▸ **BRIEF**
Give again, exactly as written, the lines of the records below from the line with "1.4 | 16.9 |" to the line with "(L-R) Joan Grande, Frankie". Both end lines count; pictures do not.

▸ **SOURCE MATERIAL**
^^^^

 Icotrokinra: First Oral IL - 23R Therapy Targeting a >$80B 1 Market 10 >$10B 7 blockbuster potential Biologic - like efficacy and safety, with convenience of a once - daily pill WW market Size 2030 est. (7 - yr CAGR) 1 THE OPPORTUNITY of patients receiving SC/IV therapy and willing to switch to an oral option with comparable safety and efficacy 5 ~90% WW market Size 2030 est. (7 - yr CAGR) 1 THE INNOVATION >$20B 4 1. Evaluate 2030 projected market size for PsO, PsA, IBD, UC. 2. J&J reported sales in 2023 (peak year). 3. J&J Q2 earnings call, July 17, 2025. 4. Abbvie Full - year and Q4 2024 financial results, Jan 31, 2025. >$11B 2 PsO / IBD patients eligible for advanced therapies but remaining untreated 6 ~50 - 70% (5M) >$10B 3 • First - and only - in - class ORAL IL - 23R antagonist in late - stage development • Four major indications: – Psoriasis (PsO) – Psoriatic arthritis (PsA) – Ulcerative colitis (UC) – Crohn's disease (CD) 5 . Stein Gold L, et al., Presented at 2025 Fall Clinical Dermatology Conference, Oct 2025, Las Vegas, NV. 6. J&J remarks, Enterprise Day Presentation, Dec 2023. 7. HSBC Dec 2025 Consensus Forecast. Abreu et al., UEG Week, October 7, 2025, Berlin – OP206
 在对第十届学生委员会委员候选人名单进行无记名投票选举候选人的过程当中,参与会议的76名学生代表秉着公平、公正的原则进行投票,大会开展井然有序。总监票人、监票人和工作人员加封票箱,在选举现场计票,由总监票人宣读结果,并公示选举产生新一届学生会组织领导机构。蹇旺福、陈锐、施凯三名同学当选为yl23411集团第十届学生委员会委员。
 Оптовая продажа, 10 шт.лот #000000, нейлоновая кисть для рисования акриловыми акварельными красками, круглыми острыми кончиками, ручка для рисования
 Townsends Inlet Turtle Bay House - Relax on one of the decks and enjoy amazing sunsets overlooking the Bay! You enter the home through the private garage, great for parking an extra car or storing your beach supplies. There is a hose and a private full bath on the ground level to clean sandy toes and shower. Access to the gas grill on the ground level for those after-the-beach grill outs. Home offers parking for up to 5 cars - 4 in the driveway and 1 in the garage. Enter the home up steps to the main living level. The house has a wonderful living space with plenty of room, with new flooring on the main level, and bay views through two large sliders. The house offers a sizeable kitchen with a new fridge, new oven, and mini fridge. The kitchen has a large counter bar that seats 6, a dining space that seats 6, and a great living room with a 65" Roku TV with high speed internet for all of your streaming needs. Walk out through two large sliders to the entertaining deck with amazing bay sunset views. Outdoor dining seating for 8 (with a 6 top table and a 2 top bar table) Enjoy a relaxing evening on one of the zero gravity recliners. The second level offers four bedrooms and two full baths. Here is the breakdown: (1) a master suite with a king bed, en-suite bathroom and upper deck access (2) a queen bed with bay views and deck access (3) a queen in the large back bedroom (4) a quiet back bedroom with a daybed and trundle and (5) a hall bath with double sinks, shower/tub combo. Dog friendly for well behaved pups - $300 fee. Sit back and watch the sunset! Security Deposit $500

^^^^

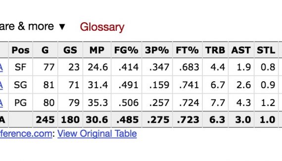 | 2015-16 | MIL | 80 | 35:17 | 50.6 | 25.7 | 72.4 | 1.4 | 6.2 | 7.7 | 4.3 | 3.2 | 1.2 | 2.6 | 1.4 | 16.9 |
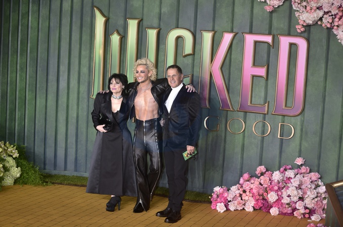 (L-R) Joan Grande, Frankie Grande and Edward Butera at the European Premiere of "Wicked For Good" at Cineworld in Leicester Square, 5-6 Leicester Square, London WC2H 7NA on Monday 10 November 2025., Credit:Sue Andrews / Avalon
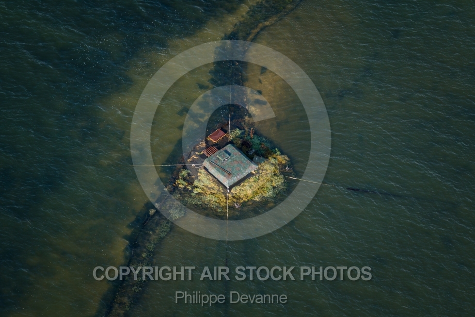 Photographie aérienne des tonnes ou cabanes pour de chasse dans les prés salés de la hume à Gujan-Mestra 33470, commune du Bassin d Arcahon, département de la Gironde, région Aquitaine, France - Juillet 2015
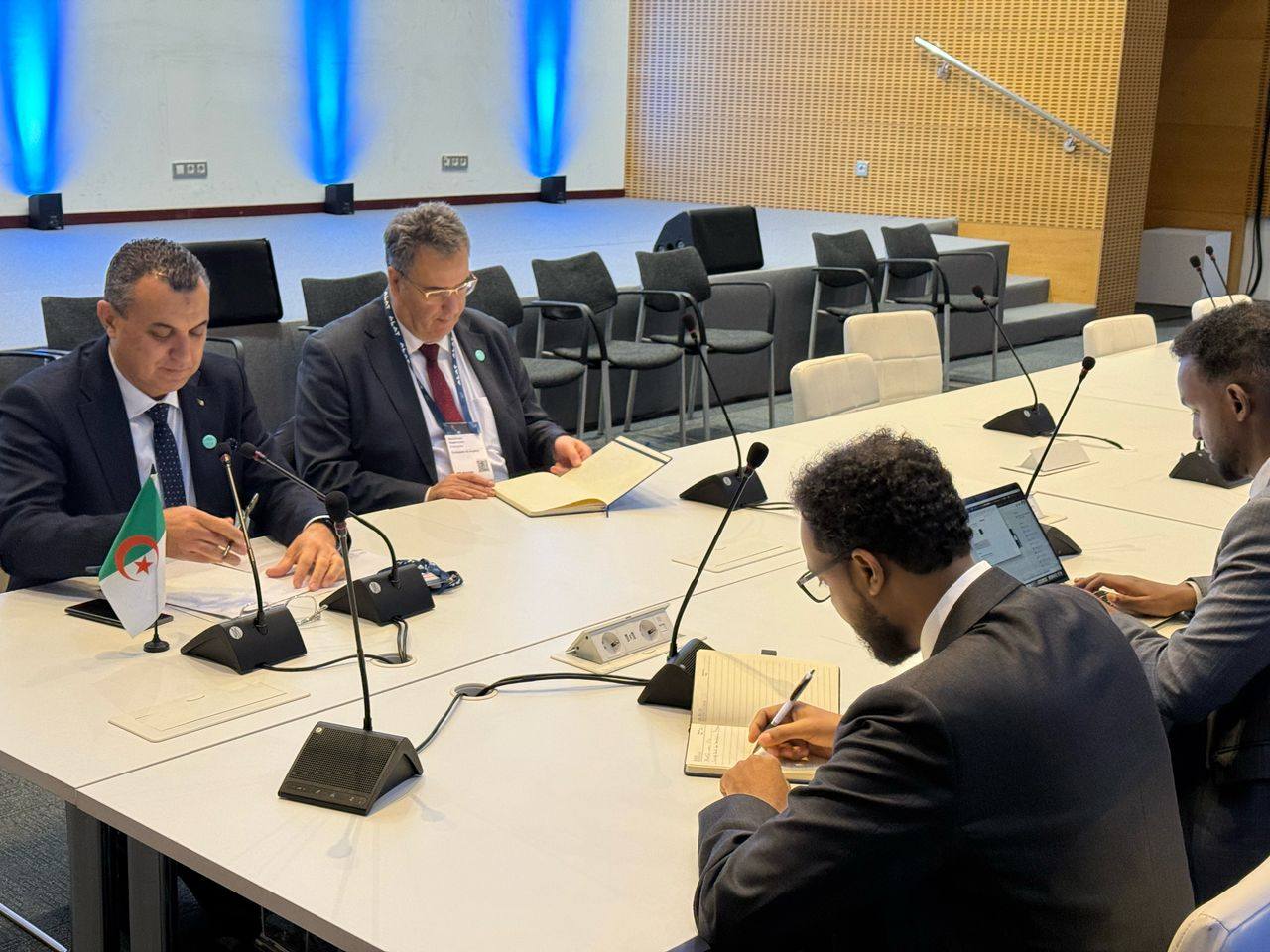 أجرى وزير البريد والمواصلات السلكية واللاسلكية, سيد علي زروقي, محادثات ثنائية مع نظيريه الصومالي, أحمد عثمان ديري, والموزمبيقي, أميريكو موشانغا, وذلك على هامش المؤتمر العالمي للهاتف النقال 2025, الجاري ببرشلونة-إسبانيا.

^^^^

▸ **EXPECTED ANSWER**
 | 2015-16 | MIL | 80 | 35:17 | 50.6 | 25.7 | 72.4 | 1.4 | 6.2 | 7.7 | 4.3 | 3.2 | 1.2 | 2.6 | 1.4 | 16.9 |
 (L-R) Joan Grande, Frankie Grande and Edward Butera at the European Premiere of "Wicked For Good" at Cineworld in Leicester Square, 5-6 Leicester Square, London WC2H 7NA on Monday 10 November 2025., Credit:Sue Andrews / Avalon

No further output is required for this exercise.